▶ WORK REQUEST
On every line of the listing, check for "with"; copy the lines that have it.

▶ SUPPLIED MATERIAL

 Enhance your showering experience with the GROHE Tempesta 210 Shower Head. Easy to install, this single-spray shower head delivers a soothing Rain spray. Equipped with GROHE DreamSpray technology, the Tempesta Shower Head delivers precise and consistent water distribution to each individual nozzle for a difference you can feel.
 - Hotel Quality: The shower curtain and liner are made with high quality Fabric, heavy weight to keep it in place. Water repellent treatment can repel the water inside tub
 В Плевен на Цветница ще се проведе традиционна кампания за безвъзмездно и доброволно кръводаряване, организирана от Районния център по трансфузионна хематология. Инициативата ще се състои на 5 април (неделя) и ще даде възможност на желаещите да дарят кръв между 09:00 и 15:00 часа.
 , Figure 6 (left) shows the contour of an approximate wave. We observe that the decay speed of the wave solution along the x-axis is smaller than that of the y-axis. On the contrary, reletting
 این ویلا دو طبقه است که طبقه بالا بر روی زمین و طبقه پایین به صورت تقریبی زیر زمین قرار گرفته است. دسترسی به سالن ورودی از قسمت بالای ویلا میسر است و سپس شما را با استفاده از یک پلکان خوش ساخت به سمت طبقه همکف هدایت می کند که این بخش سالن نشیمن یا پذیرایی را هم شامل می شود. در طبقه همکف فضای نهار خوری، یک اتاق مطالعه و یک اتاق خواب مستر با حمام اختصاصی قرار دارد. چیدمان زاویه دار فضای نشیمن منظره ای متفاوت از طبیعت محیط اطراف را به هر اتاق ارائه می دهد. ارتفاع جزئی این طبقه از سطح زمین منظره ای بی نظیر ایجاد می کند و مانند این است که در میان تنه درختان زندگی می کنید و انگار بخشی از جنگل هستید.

--

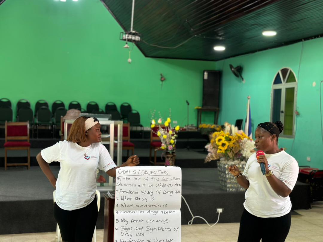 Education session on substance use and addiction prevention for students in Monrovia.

▶ OUTPUT OF THE EXERCISE
 Enhance your showering experience with the GROHE Tempesta 210 Shower Head. Easy to install, this single-spray shower head delivers a soothing Rain spray. Equipped with GROHE DreamSpray technology, the Tempesta Shower Head delivers precise and consistent water distribution to each individual nozzle for a difference you can feel.
 - Hotel Quality: The shower curtain and liner are made with high quality Fabric, heavy weight to keep it in place. Water repellent treatment can repel the water inside tub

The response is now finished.